Barbara was none the worse for her relapse, and she made such a good recovery in the weeks that followed, that the Doctor decided she could be moved to Crofts on the last day of the holidays. Miss Finlayson vowed she had never enjoyed her Easter holidays so much before for she had persuaded Auntie Anna and the boys to remain her guests the whole time, to save her, as she said, from the horrible feeling of loneliness that always seized her as soon as the last fly went down the drive with the last box on the top of it, and the last girl sitting inside. 'At my age,'

she told them laughingly, 'it is not safe to be left alone. Who knows that I might not begin talking about rheumatism and nerves, if I had a whole month to think about myself?' And Auntie Anna, who never talked about rheumatism by any chance, though it had bent her back for her ten years ago, nodded her head wisely like the old witch that she was, and consented to remain at Wootton Beeches with her adopted daughter and her noisy young nephews until Barbara was well enough to be taken home. The boys, for their part, enjoyed themselves every bit as well as if they had been at Crofts; for Finny was first-rate company as long as she was with them, and she contrived at the same time to leave them to themselves just as much as they wished to be left. And staying at a girls' school was by no means such poor fun as might have been expected; for it was big enough for them to make as much noise in it as they pleased without disturbing anybody, while they had the run of a capital gymnasium, and, as soon as their bicycles had been brought from Crofts, could explore the country for miles round as well. Altogether, the Easter holidays were a great success, and there were many groans when the month came to an end, and school once more threatened to darken the joy of their existence.

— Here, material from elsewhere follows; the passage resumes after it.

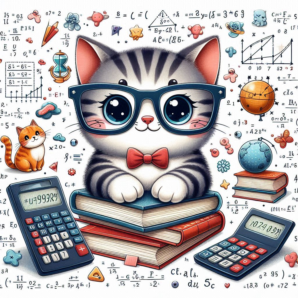 Dive into a whimsical world where feline intellect meets mathematical prowess with our captivating image, "Purr-fect Equations: The Cats of Mathematics." In this delightful scene, a scholarly cat, adorned with glasses, confidently perches atop a stack of math books, its paws poised in contemplation. Adjacent to the books lie two calculators, emblematic of precision and calculation. In the background, a tapestry of mathematical wonders unfolds, with intricate formulas, graphs, and geometric shapes intermingling seamlessly. Amidst this cerebral backdrop, tiny cats frolic, adding a touch of charm to the scene.
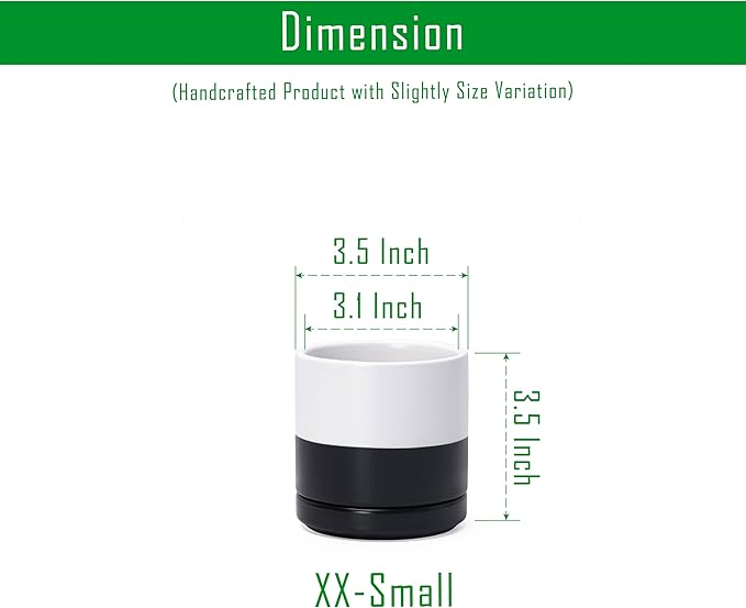 • Multiple Size Options: Available in six sizes (3.5" to 11.8") to fit plants of all types, from small succulents to larger houseplants. Small 3.6 Inch Planter Pot: 3.5" Diameter x 3.5" H, Potting Soil Needed: 0.11 gallons / 0.45 qt.

'You are a lucky beast, Kit,' observed Peter, as they sat swinging on the yard gate a couple of mornings before their departure. 'Wish I was you and needn't go to school.'

'You wouldn't like it, if you were me,' answered Kit, shortly. n.o.body ever guessed how much he wished he were like other boys and could lead the healthy life they professed to despise so much.

Wilfred, who had just strolled up, had occasional glimmerings of understanding where Kit was concerned; and he had one now. 'Never mind, old chap,' he said consolingly. 'You've got all the genius, you know.'

Christopher kicked a stone across the yard without speaking; and Peter hastened to change the conversation, which he perceived was in danger of becoming serious. Peter never attempted to understand anybody, but he had a determined objection to anything that was serious.

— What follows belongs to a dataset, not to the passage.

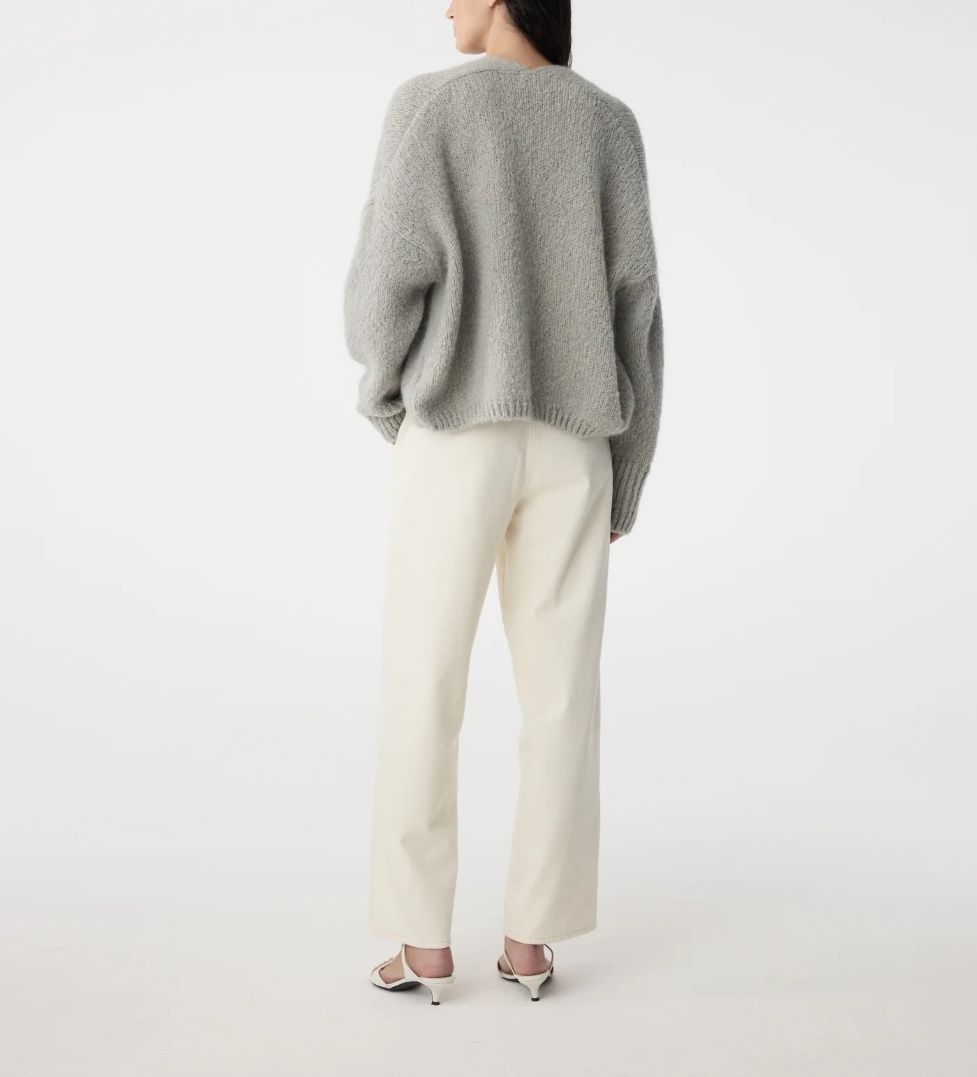 Becky is een korte, boxy cardigan van zachte alpaca wol. Makkelijk te dragen over een T-shirt of jurk. Ribboorden geven een speels detail. Comfortabel en stijlvol voor elke dag..

'If we've done nothing else these holidays, we have at least saved Jill from the Doctor,' he remarked with a chuckle.

'What's the good of that?' growled Kit. He did not take the keen interest in the salvation of Jill that the others expected from him, though he certainly did not raise any grown-up objections to it, as Egbert would have done. Egbert was going to Oxford in October, and he was getting far too grown-up for ordinary intercourse with the rest of the family. Kit was not in the least grown-up; besides, he hated the Doctor--that was certain, because he so constantly said he did. But it was a pity, the others agreed, that he did not show more enthusiasm over persecuting him.

'It's a lot of good,' retorted Peter. 'You don't want her to marry the chap, do you?'

Kit smiled in a superior manner. 'I'm not interested in _marrying_,' he observed. 'You can't have marrying, or any of that rot, without girls.

And I hate girls.'

'Do you hate Jill?' cried Wilfred, staring.

Christopher kicked another stone across the yard.